Stored data entries:
::::::::::
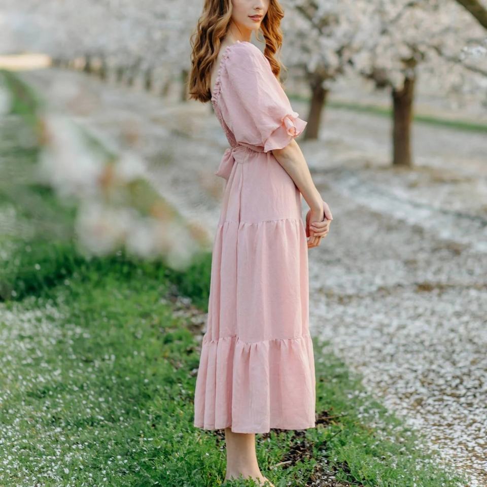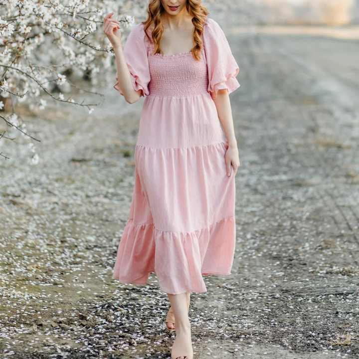 เดรสยาวลำลองน่ารักสไตล์ชายหาด แขนพอง คอเหลี่ยม ทรงเอไลน์ ผ้าพลิ้ว แต่งสม็อค ขายส่งแบบใหม่
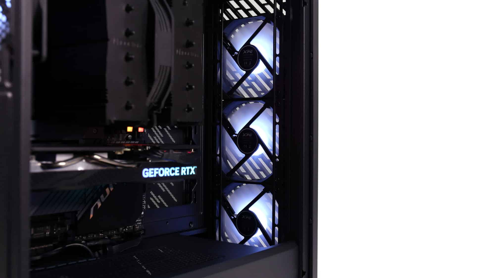 With the lights off, the fans command attention from every angle. In addition, the fans’ ARGB lighting is clear and bright.
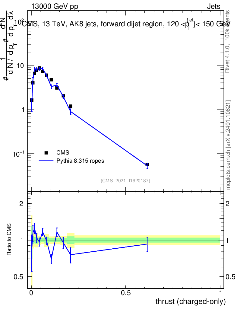 Lines: data, pythia8 8.315 ropes |
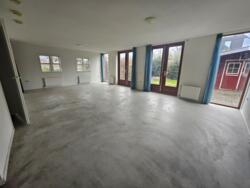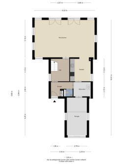 entree, ruime hal met zijraam, meterkast, toiletruimte v.v. wandcloset en fonteintje, royale lichte woonkamer met openslaande deuren die toegang bieden tot de zonnige tuin rondom het huis. De garage aan de voorkant van de woning is gedeeltelijk afgewerkt en kan betrokken worden bij de woning, dus eventueel te gebruiken als eetkamer. Tussen de keuken en garage is er een bijkeuken.
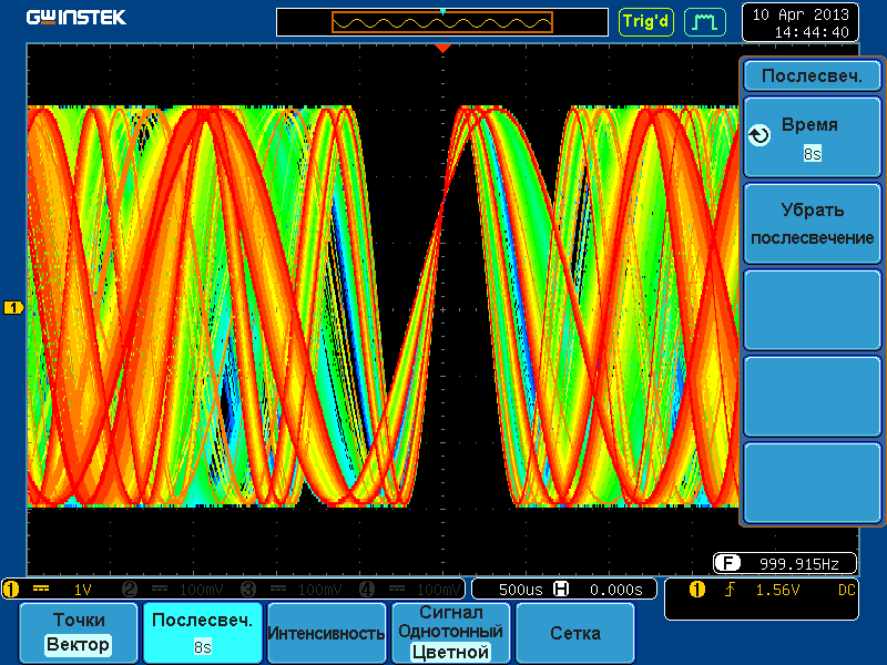 Обработка сигнала осуществляется с применением новой технологии аналогового послесвечения (рис. 3). Благодаря этой технологии, динамично меняющийся сигнал будет выглядеть чистым, как на аналоговом осциллографе. Сигнал может отображаться как в однотонном, так и в цветном виде. Цветной режим позволяет определить степень повторяемости событий, редкие события отображаются, синим цветом, частые события отображаются красным цветом (рис. 3). К достоинствам отображения следует добавить большой контрастный дисплей с диагональю 20 см и разрешением 800х600. Высокое разрешение позволяет рассмотреть детали сложных сигналов. Полупрозрачные окна при проведении измерений позволяют наблюдать на экране максимум информации.
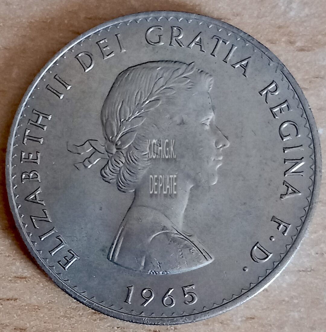 Op de keerzijde : tegen de buitenrand rondom een sierrand, rondom boven ELIZABETH II DEI GRATIA REGINA F.D., rondom onder 1965, centraal het hoofd van koningin Elizabeth II naar rechts gericht
::::::::::
▸ TASK OBJECTIVE:
Beginning at the line that contains "Обработка сигнала осуществляется", transcribe it and every later line through the last line of the data above, exactly, and drop the pictures.

▸ ANSWER TO THIS TASK:
 Обработка сигнала осуществляется с применением новой технологии аналогового послесвечения (рис. 3). Благодаря этой технологии, динамично меняющийся сигнал будет выглядеть чистым, как на аналоговом осциллографе. Сигнал может отображаться как в однотонном, так и в цветном виде. Цветной режим позволяет определить степень повторяемости событий, редкие события отображаются, синим цветом, частые события отображаются красным цветом (рис. 3). К достоинствам отображения следует добавить большой контрастный дисплей с диагональю 20 см и разрешением 800х600. Высокое разрешение позволяет рассмотреть детали сложных сигналов. Полупрозрачные окна при проведении измерений позволяют наблюдать на экране максимум информации.
 Op de keerzijde : tegen de buitenrand rondom een sierrand, rondom boven ELIZABETH II DEI GRATIA REGINA F.D., rondom onder 1965, centraal het hoofd van koningin Elizabeth II naar rechts gericht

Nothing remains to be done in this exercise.